Profile – Julia Sick

img_2991_webWhen MSW student Julia Sick chose to attend the Silberman School of Social Work at Hunter College, she was drawn to a culture of anti-oppressive thinking she identified at the school. Now in her second year at Silberman studying Community Organizing, Planning and Development (COP&D), Sick remains deeply committed to the social justice work that first attracted her. Among the many ways she has become an advocate within – as she is beyond – the Silberman community, she is especially excited about her work on Silberman Faculty-Student Senate.

“Without that body,” she says of the Senate, an internal governing council that brings together Silberman students and faculty, “how can we change things here in the school? I see it as a way to institutionalize change.”

Change is something that Sick has worked intrepidly to mobilize, at the broad societal level and inside the specific organizations she has been part of.
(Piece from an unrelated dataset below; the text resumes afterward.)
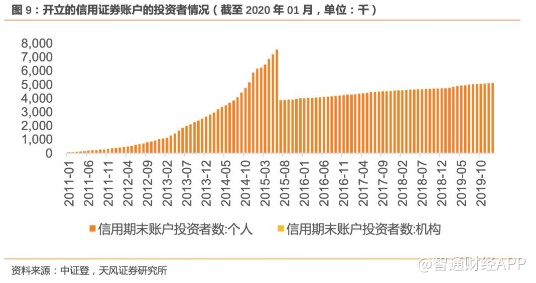 融资融券业务满足了大量投资者群体的需求。经过近10年的发展,沪深两市融资融券规模和客户基础均得到显著的提升,现阶段不仅成为证券公司的主要收入来源(利息收入占比接近10%),更是投资者特别是个人和一般机构投资者进行信用交易股票的主要手段,根据中国证券登记结算有限公司公布的最新数据,截至2020年1月,融资融券客户首次突破500万人,达到512万人,其中个人客户占比高达99%。

She came to New York City five years ago to build her momentum as an organizer. Prior to joining Silberman, she was with the international anti-poverty organization Fourth World Movement, which focuses on community-specific strategies for creating economic justice.

For her, effective change entails building coalitions, centralizing those voices less typically heard, and collaborating to impact the decisions that in turn impact everybody. She continues to learn more about effective organizing as a Policy Track student within the COP&D practice method, where she strives “to give those most impacted by policy a seat at the table in deciding it.”

On the Silberman Faculty-Student Senate, Sick finds a unique opportunity to push for change and centralize constituent voices in an environment where that has a strong legacy. “We have a role and a history at Silberman of using an anti-oppressive lens to make change happen,” she says. The Senate in her view allows students to be heard by a broad range of decision-makers, in a mutually invested process. It exemplifies “our responsibility as social workers to hold the school community accountable, as a place with real impact on social work practice.”

Sick’s priority goal in her Senate work right now is to get more of her fellow students involved with it; and particularly to get them involved with Silberman’s three governing committees – the Curriculum Committee, the Student Services Committee, and the Social Justice Committee. She emphasizes that “a lot needs to get done,” and that the opportunity to work closely on those efforts with faculty and staff offers students “so much new knowledge in so many realms…it is inspiring and exciting to try to build something together as a group.”

Sick eagerly encourages other students to join the Senate, and wants prospective members not to feel intimidated. “You can be committed at your ability,” she implores, underlining that for Silberman’s famously busy students, involvement at any level is valuable.

She is excited for more students to join and work together toward progress. In her own words: “So much can start here.”